### Given records
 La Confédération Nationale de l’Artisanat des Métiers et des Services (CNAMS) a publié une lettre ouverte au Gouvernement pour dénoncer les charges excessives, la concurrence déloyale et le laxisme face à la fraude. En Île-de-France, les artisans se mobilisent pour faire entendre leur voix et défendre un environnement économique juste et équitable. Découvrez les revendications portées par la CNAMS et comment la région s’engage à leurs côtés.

...

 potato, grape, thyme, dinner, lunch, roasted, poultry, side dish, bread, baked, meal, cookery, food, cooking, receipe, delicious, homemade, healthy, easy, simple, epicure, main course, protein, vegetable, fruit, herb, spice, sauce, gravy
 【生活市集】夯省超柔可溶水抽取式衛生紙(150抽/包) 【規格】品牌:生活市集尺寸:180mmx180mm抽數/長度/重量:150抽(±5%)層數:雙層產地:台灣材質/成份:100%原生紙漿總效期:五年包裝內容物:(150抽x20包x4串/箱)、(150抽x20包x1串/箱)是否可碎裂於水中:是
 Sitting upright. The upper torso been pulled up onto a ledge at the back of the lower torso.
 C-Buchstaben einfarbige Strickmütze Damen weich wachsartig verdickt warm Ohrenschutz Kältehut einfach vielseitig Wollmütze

### What is expected
Copy out each line of the data above, exactly, if it lies between the line holding "potato, grape, thyme, dinner, lunch, roasted, poultry, side" and the line holding "C-Buchstaben einfarbige Strickmütze", inclusive; copy no other line.

### Response to the exercise
 potato, grape, thyme, dinner, lunch, roasted, poultry, side dish, bread, baked, meal, cookery, food, cooking, receipe, delicious, homemade, healthy, easy, simple, epicure, main course, protein, vegetable, fruit, herb, spice, sauce, gravy
 【生活市集】夯省超柔可溶水抽取式衛生紙(150抽/包) 【規格】品牌:生活市集尺寸:180mmx180mm抽數/長度/重量:150抽(±5%)層數:雙層產地:台灣材質/成份:100%原生紙漿總效期:五年包裝內容物:(150抽x20包x4串/箱)、(150抽x20包x1串/箱)是否可碎裂於水中:是
 Sitting upright. The upper torso been pulled up onto a ledge at the back of the lower torso.
 C-Buchstaben einfarbige Strickmütze Damen weich wachsartig verdickt warm Ohrenschutz Kältehut einfach vielseitig Wollmütze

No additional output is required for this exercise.